If you will practice without gloves, make sure that you start light and slowly build up power in your punches. I would never go beyond about 50-60% power on a bag without gloves as I have many times given myself some little stingers from a punch.  These are like electric jolts, which start in the back of the hand and move past the wrist and up the forearm. Usually, these little pains are nothing serious, but they remind me to take it easy.

If you’ve ever been in a streetfight, you’ll know that punching someone in the face is a risky business which is fairly likely to result in an injury to yourself. So, keep that in mind when you are doing your gloveless rounds. 

Can you wash Muay Thai boxing hand wraps?

As I said, in my gym, we wash them after each use since the beginning of this terrible pandemic.

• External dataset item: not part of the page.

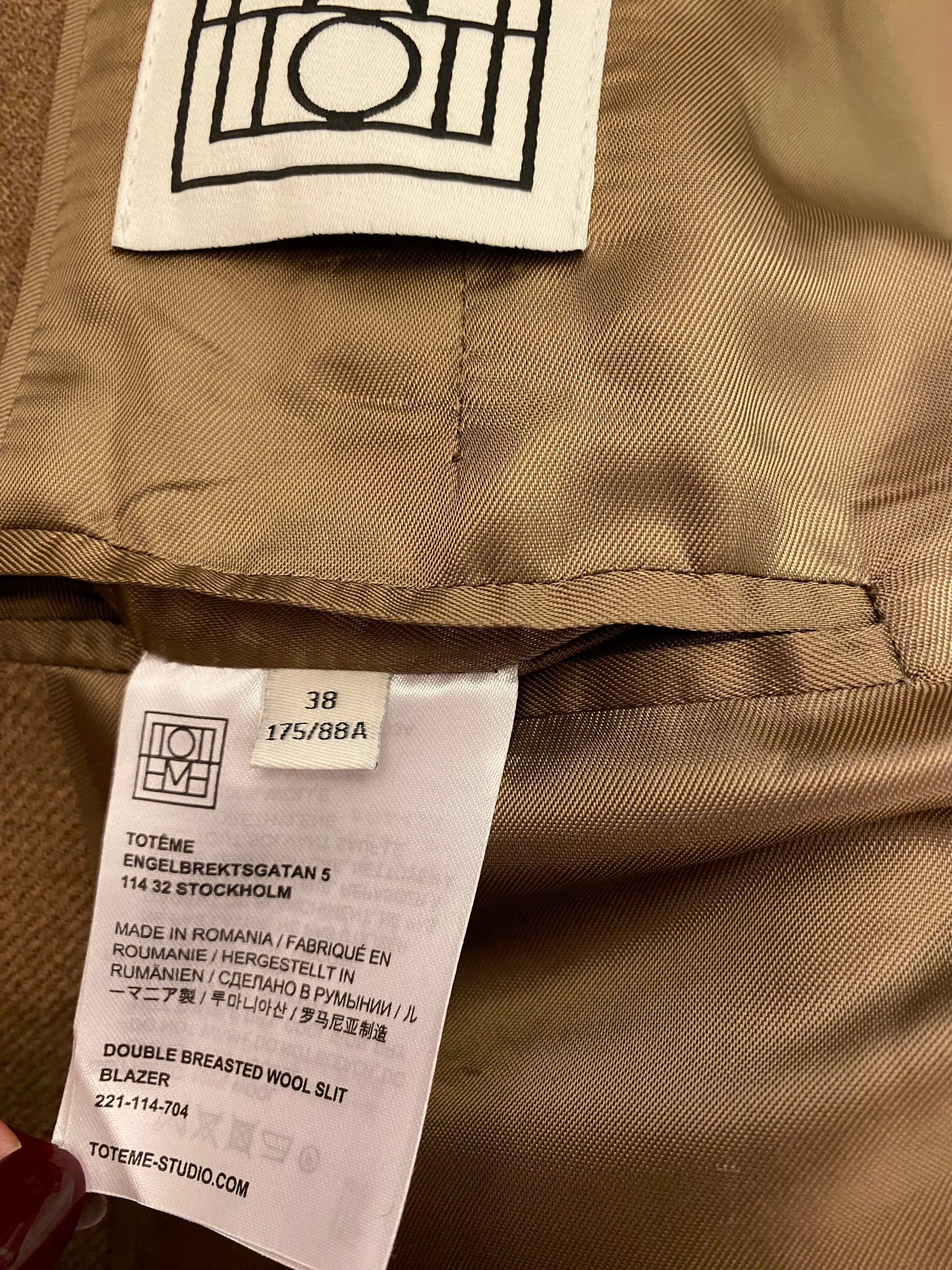 TOTEME Double Breasted Wool Slit Blazer Jacket in Hazel

If you have your own wraps and gloves, washing after each use is overkill. It would probably be enough to wash them every 3-4 uses. But it is important to leave them hanging in the sun between uses. As long as they get a chance to at least air and dry out, you aren’t going to promote the growth of bacteria too quickly.

If you are using loaner gloves and your own wraps, you probably should go ahead and wash them between each use. There’s no way around it, gloves are not likely to get any sort of antiseptic treatment at all in Thailand. The best you can hope for is that they will be given a chance to dry out thoroughly every now and then- either from non-use or during a day when the gym is closed.

It’s enough to give your wraps a bit of a soak in a sink with a little bit of soap for 15 minutes. Then give them a good scrub, rinse and hang to dry.

I used to add a few drops of bleach to help with cutting down on the odors. But then my business partner, who teaches jiu jitsu, put me onto the virtues of distilled vinegar for that same purpose. It is infinitely better than bleach and doesn’t cause the colors to run. If you can find a place outside in the sun, this will be better to help kill bacteria than a dryer, and will also improve the life of your handwraps.

If you will be using a washing machine, I would recommend putting your wraps in a small washing bag. Otherwise, they are likely to become an entangled mess after the spin cycle. The first time you wash them, be aware that the colors will likely bleed, so you may want to hand wash them the first one or two times before popping them in a machine.

Are hand wraps important for Muay Thai boxing?

Hand health is hugely important in all the pugilistic sports, including Muay Thai. The proper use and care of the lowly handwrap is one of the biggest factors in ensuring that health.

So, make sure that you choose your wraps wisely, clean them regularly and use them religiously!

What happens if you don't wash your hand wraps?

Bad idea.

Bacteria will accumulate in your hand wraps. In the short term you might encounter some foul odor (sure to help make friends and influence people) or start to find the hand wraps less comfortable to wear.

In the longer term you can suffer hand hygiene issues included rashes, irritation, right through to swelling and infection.

So please, wash you hand wraps after each time you wear them.